Inorganic scales are a significant production issue with extensive inorganic scales observed in many Brazilian offshore fields and is also a worldwide phenomenon resulting in considerable productivity impairment. With the intervention of more sophisticated downhole tools such as inflow control devices (ICDs) and inflow control valves (ICVs), increased shear stresses are experienced in the wellbores near these devices resulting in an increased risk of scale formation and adherence even under very mild levels of oversaturation. The impact of scaling on or near ICDs or ICVs will have a dramatic impact on productivity since scaling would form in the wellbore itself.

In this work we have focused on downhole carbonate scaling under Petrobras new deepwater field conditions where the drawdown in the near wellbore area results in oversaturated brine systems. Downhole conditions have been modeled and closely simulated in the laboratory to ensure that laboratory conditions closely match the mild level of over saturation expected due to drawdown such as the ones present in ICV orifices.

The work initially examines the relationship between increased shear and scaling examining both bulk scaling (homogeneous precipitation) as well as the relationship between shear and surface scaling. The results show that there is interdependence between bulk and surface precipitation as a function of increased shear. In addition the work examines a range of different materials of construction commonly used in ICVs including different metallurgies, and different surface finishes as well as coatings specifically designed to minimise the potential for scaling.

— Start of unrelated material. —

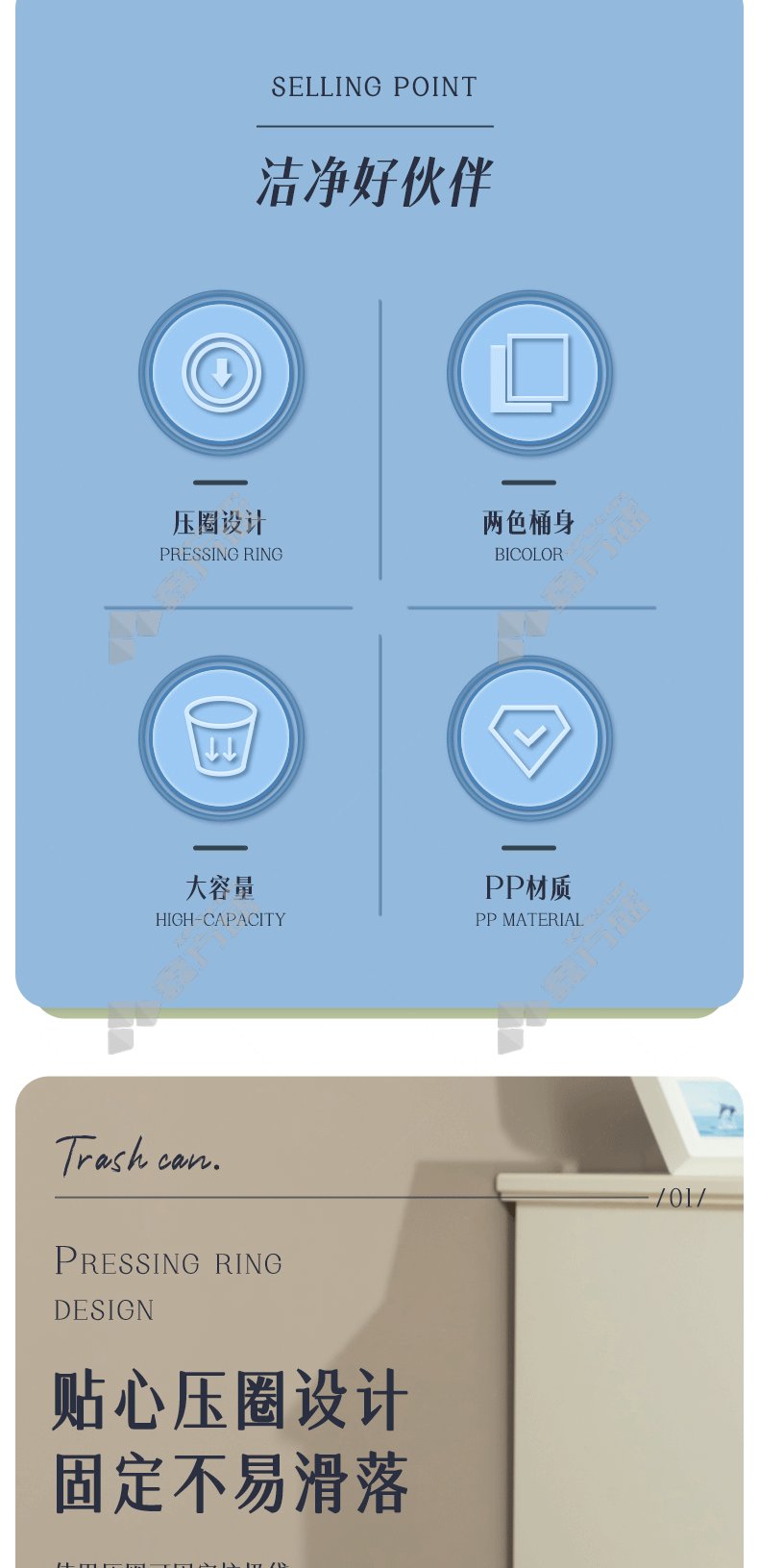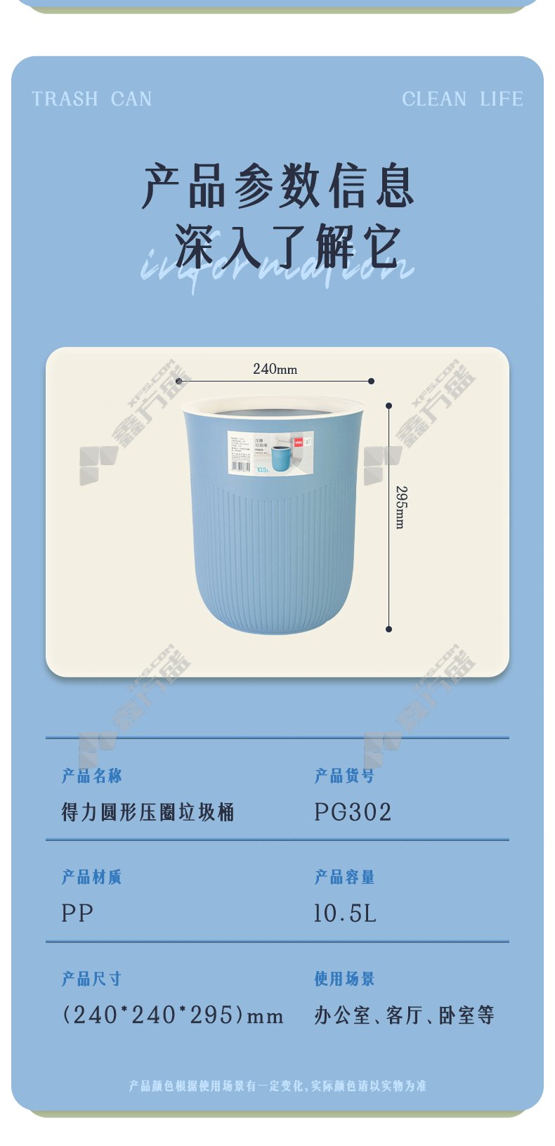 deli PG302 round press ring trash can PG302 10.5L 240*240*295mm blue PG302/10.5L/240*240*295mm/blue

Work at a variety of shear conditions clearly shows the potential to minimise surface scaling by careful material selection and / or by the use of specially formulated surface coatings. A mock valve has also been designed and commissioned to allow testing of the potential for scaling under realistic downhole flow conditions at representative downhole temperatures and pressures. Preliminary work using this more representative " pilot" test design is also discussed.